In [0]:
# Copyright 2019 Google LLC
#
# Licensed under the Apache License, Version 2.0 (the "License");
# you may not use this file except in compliance with the License.
# You may obtain a copy of the License at
#
#     http://www.apache.org/licenses/LICENSE-2.0
#
# Unless required by applicable law or agreed to in writing, software
# distributed under the License is distributed on an "AS IS" BASIS,
# WITHOUT WARRANTIES OR CONDITIONS OF ANY KIND, either express or implied.
# See the License for the specific language governing permissions and
# limitations under the License.

Prepare data for Google Cloud AutoML Natural Language from scikit-learn

Overview

This notebook demonstrates how to prepare text data available in scikit-learn (or other libraries), so that it can be used in Google Cloud AutoML Natural Language.

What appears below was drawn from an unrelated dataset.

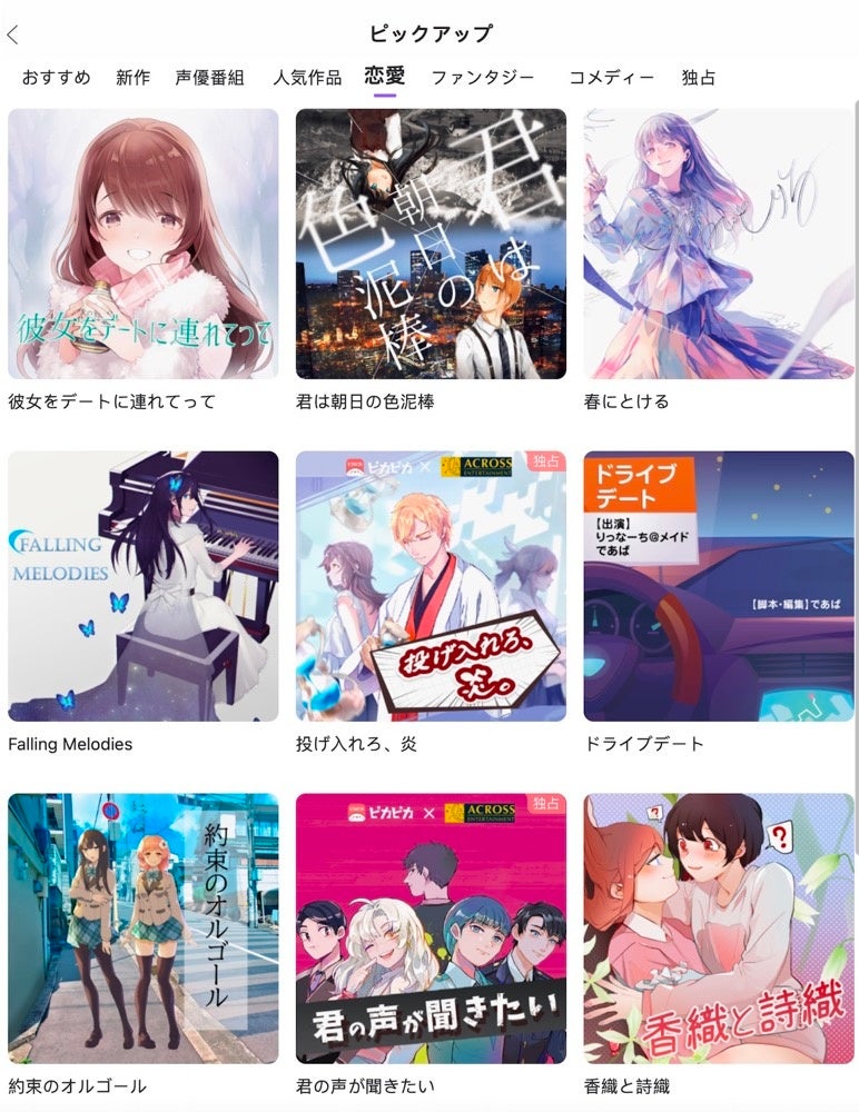 恋愛、ファンタジー、コメディー等多種多様な作品があり、今後さらに豊富な作品を掲載予定です。声優、声劇愛好者、クリエイターが活動しやすい場所を見つけ、素敵な作品をここで発掘することによって、既にピカピカで活躍中のライバーの方でも「声劇」で魅力的なもう一面をリスナーに見せる事ができます。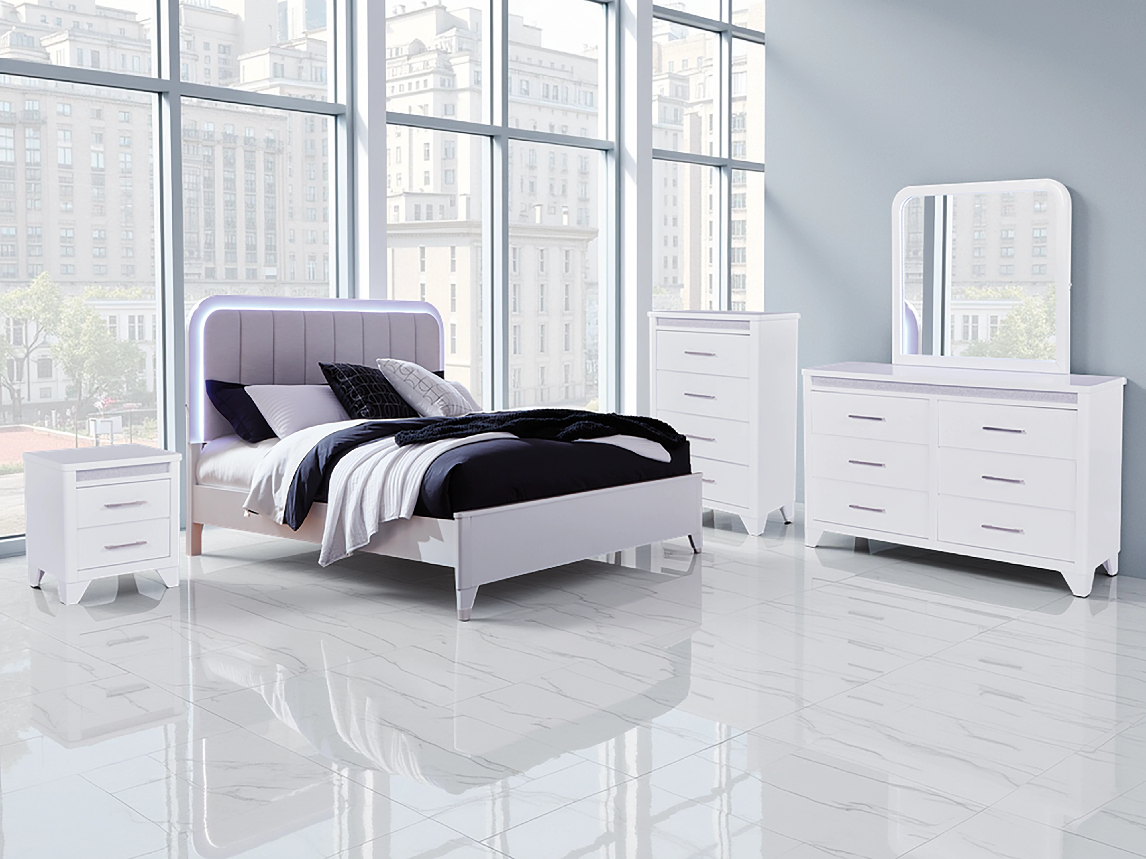 This queen upholstered panel bed is a showstopper, bringing a touch of modern glamour to your sanctuary. A sleek white finish, paired with the cushioned headboard’s off-white fabric and metallic silver accent threads, creates a sophisticated feel. Built-in LED lighting adds a soft glow, making it even easier to get ready in the morning or wind down at night. It’s a simply stunning way to achieve the bedroom of your dreams.

The script reads the data into a pandas dataframe, and then makes some minor transformations to ensure that it is compatible with the AutoML Natural Language input specification. Finally, the CSV is saved into a CSV file, which can be downloaded from the notebook server.

Dataset

This notebook downloads the 20 newsgroups dataset using scikit-learn. This dataset contains about 18000 posts from 20 newsgroups, and is useful for text classification. More details on the dataset can be found here.

Objectives

There are 3 goals for this notebook:

  1. Introduce scikit-learn datasets
  2. Explore pandas dataframe text manipulation
  3. Import data into AutoML Natural language for text classification

What's next?

After downloading the CSV at the end of this notebook, import the data into Google Cloud AutoML Natural Language to explore classifying text.

Imports


In [0]:
import numpy as np
import pandas as pd
import csv

from sklearn.datasets import fetch_20newsgroups

Fetch data


In [0]:
newsgroups = fetch_20newsgroups(subset='all')

df = pd.DataFrame(newsgroups.data, columns=['text'])
df['categories'] = [newsgroups.target_names[index] for index in newsgroups.target]
df.head()

Clean data


In [0]:
# Convert multiple whitespace characters into a space
df['text'] = df['text'].str.replace('\s+',' ')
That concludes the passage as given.